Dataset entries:
/---

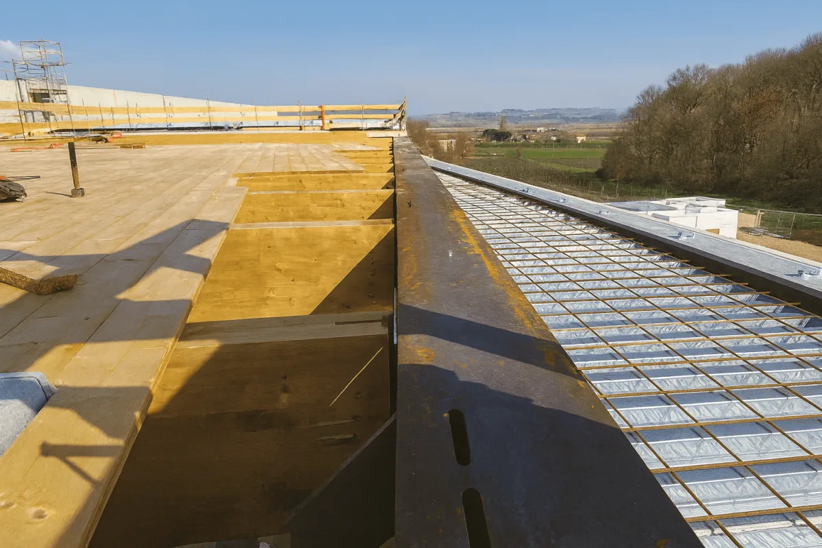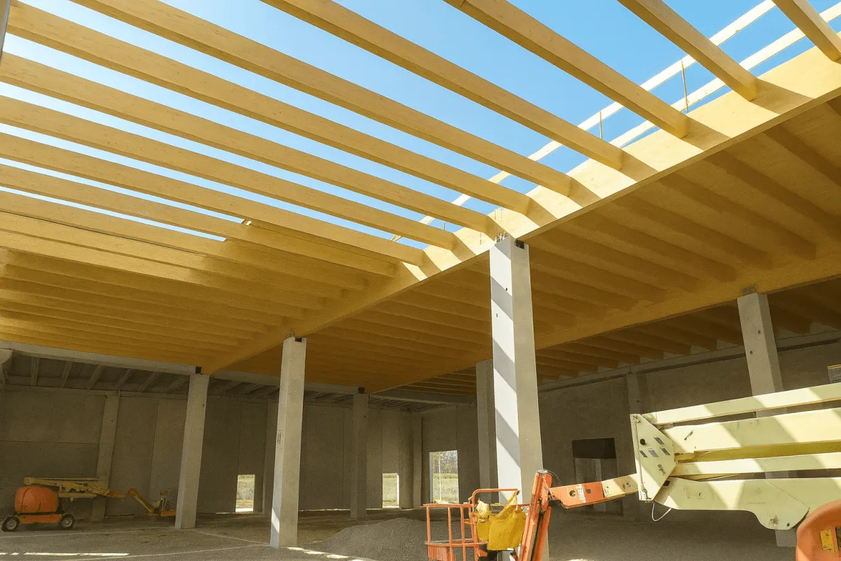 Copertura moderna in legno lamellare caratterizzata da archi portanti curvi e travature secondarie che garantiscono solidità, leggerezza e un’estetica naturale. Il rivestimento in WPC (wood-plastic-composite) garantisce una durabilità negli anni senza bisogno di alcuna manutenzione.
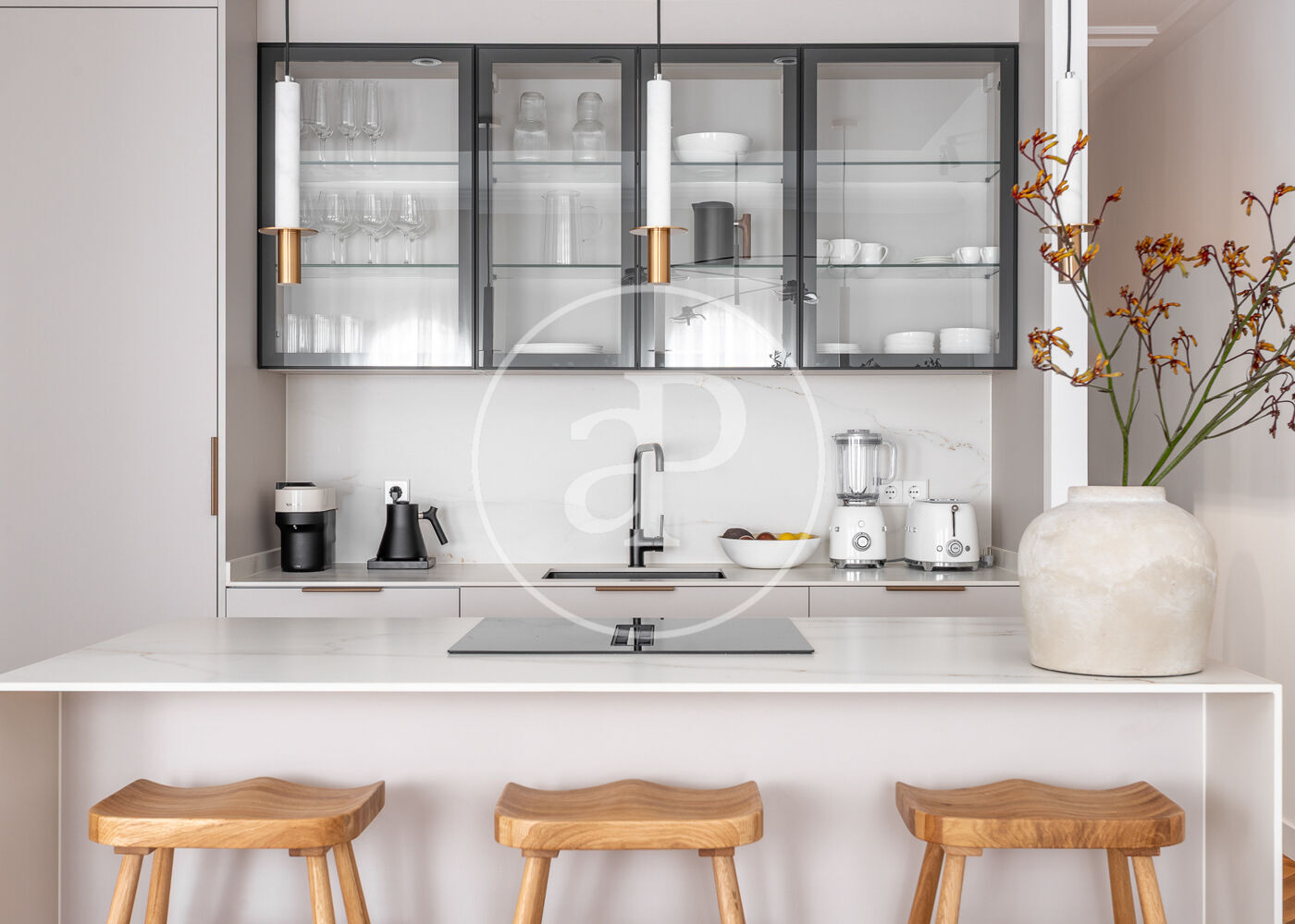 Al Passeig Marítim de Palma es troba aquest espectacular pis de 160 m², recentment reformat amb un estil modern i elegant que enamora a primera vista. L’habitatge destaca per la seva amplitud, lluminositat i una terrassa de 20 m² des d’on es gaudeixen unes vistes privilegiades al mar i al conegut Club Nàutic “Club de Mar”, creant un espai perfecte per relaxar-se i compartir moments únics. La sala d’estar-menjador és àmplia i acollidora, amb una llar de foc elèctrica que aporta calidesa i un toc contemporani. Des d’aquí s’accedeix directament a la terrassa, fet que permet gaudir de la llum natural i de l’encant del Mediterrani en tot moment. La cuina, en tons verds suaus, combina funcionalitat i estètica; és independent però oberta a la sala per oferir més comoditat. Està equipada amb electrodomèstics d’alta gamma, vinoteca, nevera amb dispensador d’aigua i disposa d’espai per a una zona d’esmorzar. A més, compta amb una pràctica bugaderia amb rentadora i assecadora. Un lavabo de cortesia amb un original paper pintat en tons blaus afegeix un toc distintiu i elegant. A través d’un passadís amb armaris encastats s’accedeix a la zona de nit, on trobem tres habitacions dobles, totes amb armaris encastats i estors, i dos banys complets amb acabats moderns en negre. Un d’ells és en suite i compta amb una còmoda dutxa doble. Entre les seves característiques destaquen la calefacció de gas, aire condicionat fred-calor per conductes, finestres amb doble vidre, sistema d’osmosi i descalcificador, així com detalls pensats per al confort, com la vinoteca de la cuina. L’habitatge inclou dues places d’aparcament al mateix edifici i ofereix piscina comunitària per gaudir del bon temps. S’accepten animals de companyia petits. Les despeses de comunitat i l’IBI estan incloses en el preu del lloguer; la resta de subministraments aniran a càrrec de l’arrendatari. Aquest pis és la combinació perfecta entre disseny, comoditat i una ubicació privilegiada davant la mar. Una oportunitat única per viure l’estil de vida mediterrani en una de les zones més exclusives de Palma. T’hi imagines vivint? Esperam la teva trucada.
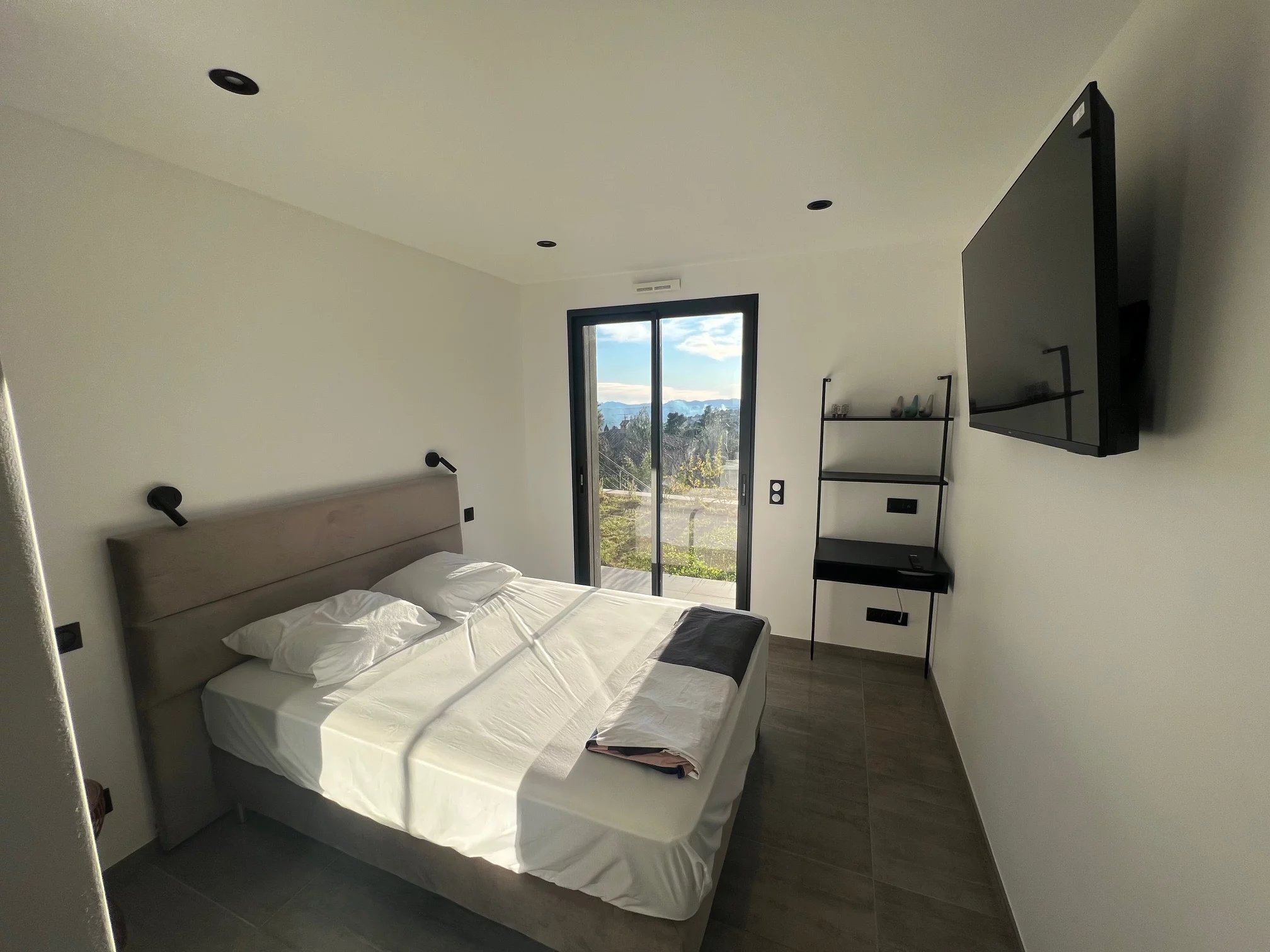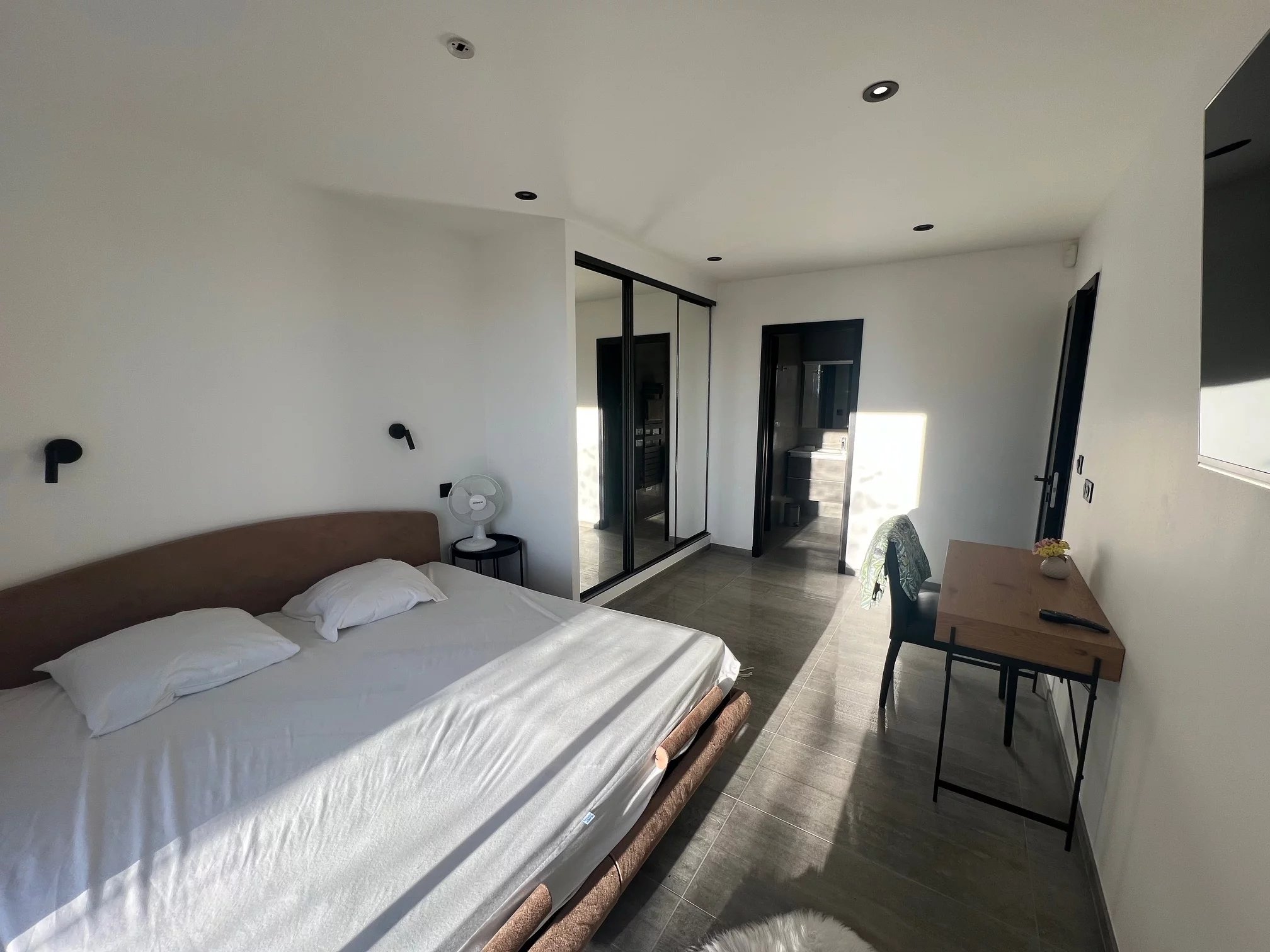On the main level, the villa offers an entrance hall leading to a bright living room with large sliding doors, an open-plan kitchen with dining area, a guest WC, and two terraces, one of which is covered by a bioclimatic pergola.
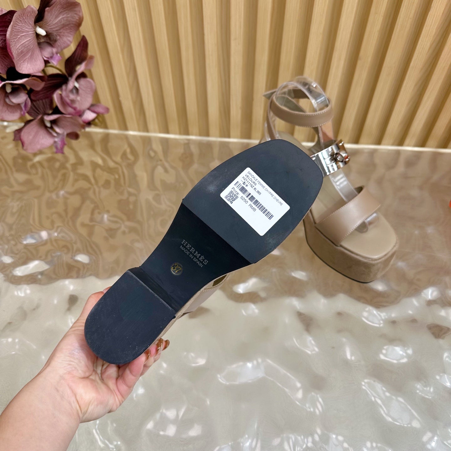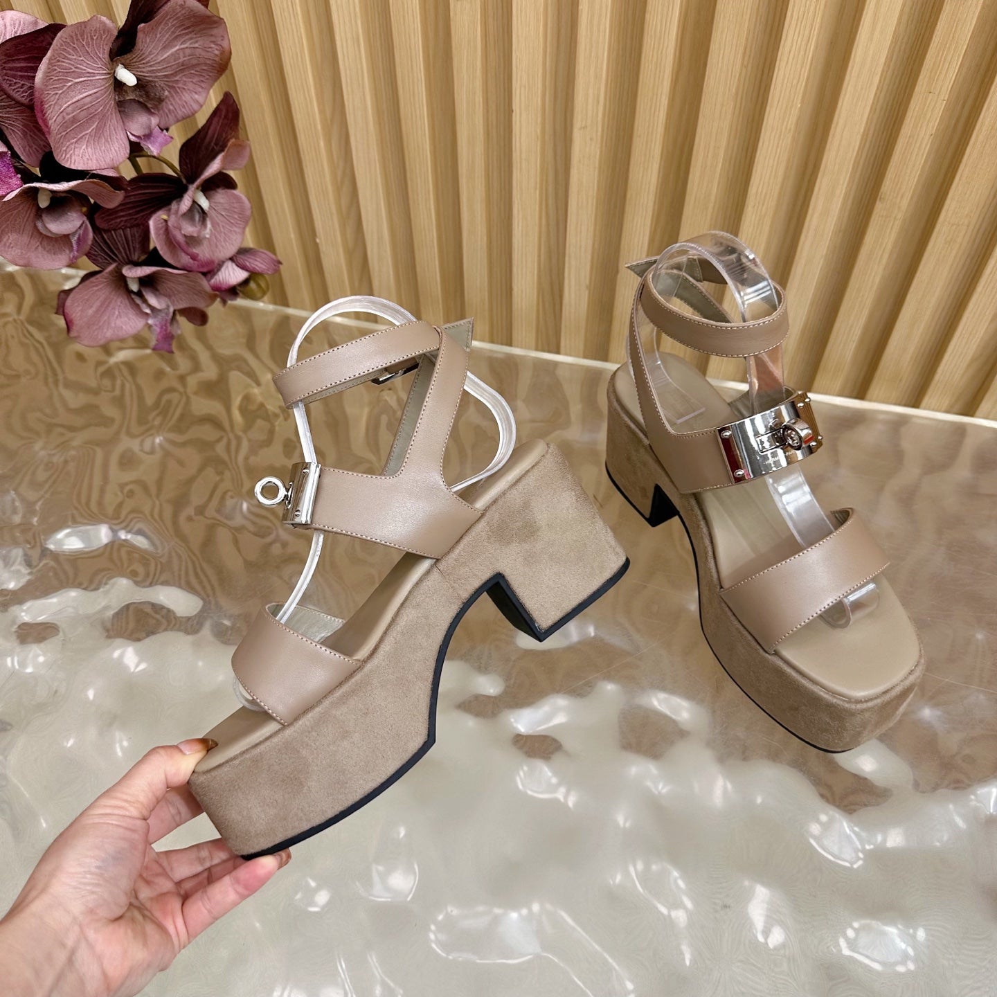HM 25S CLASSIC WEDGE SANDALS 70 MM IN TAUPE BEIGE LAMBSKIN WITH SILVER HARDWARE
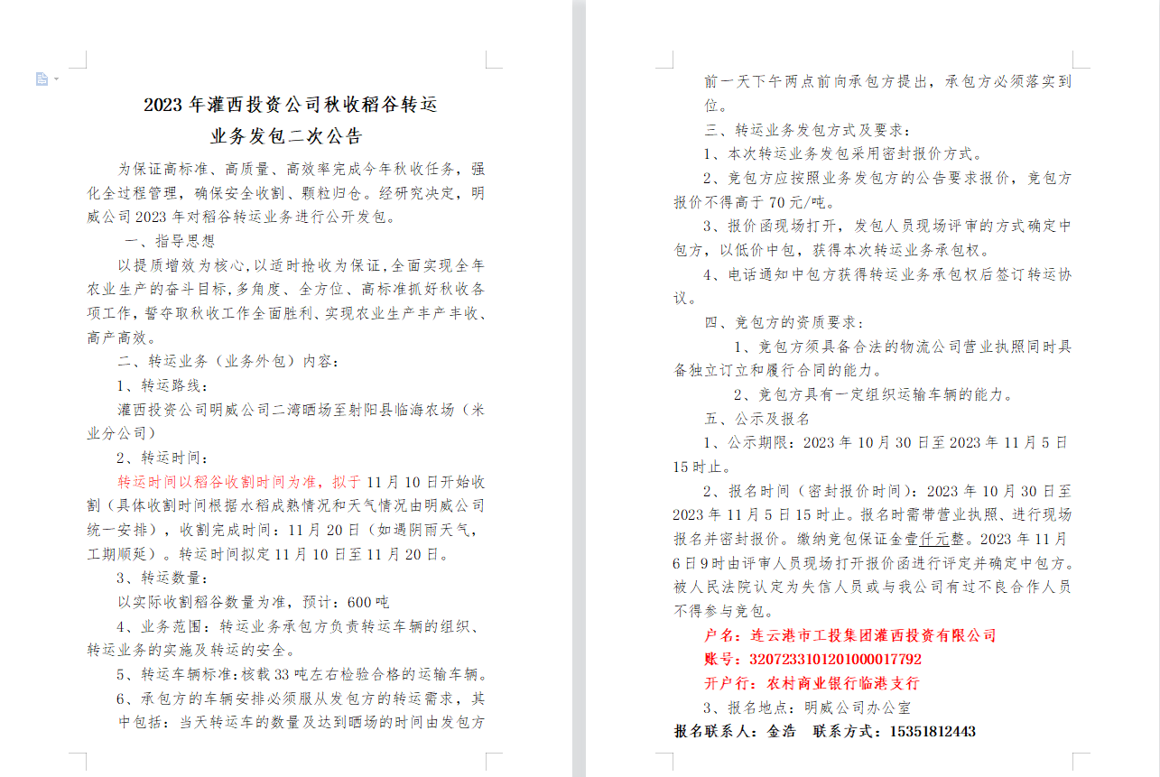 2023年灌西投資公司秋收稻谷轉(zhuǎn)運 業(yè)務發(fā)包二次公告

\---

• WORK ITEM:
The records above should be repeated exactly, with every picture omitted.

• SOLUTION TO THIS TASK:
 Copertura moderna in legno lamellare caratterizzata da archi portanti curvi e travature secondarie che garantiscono solidità, leggerezza e un’estetica naturale. Il rivestimento in WPC (wood-plastic-composite) garantisce una durabilità negli anni senza bisogno di alcuna manutenzione.
 Al Passeig Marítim de Palma es troba aquest espectacular pis de 160 m², recentment reformat amb un estil modern i elegant que enamora a primera vista. L’habitatge destaca per la seva amplitud, lluminositat i una terrassa de 20 m² des d’on es gaudeixen unes vistes privilegiades al mar i al conegut Club Nàutic “Club de Mar”, creant un espai perfecte per relaxar-se i compartir moments únics. La sala d’estar-menjador és àmplia i acollidora, amb una llar de foc elèctrica que aporta calidesa i un toc contemporani. Des d’aquí s’accedeix directament a la terrassa, fet que permet gaudir de la llum natural i de l’encant del Mediterrani en tot moment. La cuina, en tons verds suaus, combina funcionalitat i estètica; és independent però oberta a la sala per oferir més comoditat. Està equipada amb electrodomèstics d’alta gamma, vinoteca, nevera amb dispensador d’aigua i disposa d’espai per a una zona d’esmorzar. A més, compta amb una pràctica bugaderia amb rentadora i assecadora. Un lavabo de cortesia amb un original paper pintat en tons blaus afegeix un toc distintiu i elegant. A través d’un passadís amb armaris encastats s’accedeix a la zona de nit, on trobem tres habitacions dobles, totes amb armaris encastats i estors, i dos banys complets amb acabats moderns en negre. Un d’ells és en suite i compta amb una còmoda dutxa doble. Entre les seves característiques destaquen la calefacció de gas, aire condicionat fred-calor per conductes, finestres amb doble vidre, sistema d’osmosi i descalcificador, així com detalls pensats per al confort, com la vinoteca de la cuina. L’habitatge inclou dues places d’aparcament al mateix edifici i ofereix piscina comunitària per gaudir del bon temps. S’accepten animals de companyia petits. Les despeses de comunitat i l’IBI estan incloses en el preu del lloguer; la resta de subministraments aniran a càrrec de l’arrendatari. Aquest pis és la combinació perfecta entre disseny, comoditat i una ubicació privilegiada davant la mar. Una oportunitat única per viure l’estil de vida mediterrani en una de les zones més exclusives de Palma. T’hi imagines vivint? Esperam la teva trucada.
On the main level, the villa offers an entrance hall leading to a bright living room with large sliding doors, an open-plan kitchen with dining area, a guest WC, and two terraces, one of which is covered by a bioclimatic pergola.
HM 25S CLASSIC WEDGE SANDALS 70 MM IN TAUPE BEIGE LAMBSKIN WITH SILVER HARDWARE
 2023年灌西投資公司秋收稻谷轉(zhuǎn)運 業(yè)務發(fā)包二次公告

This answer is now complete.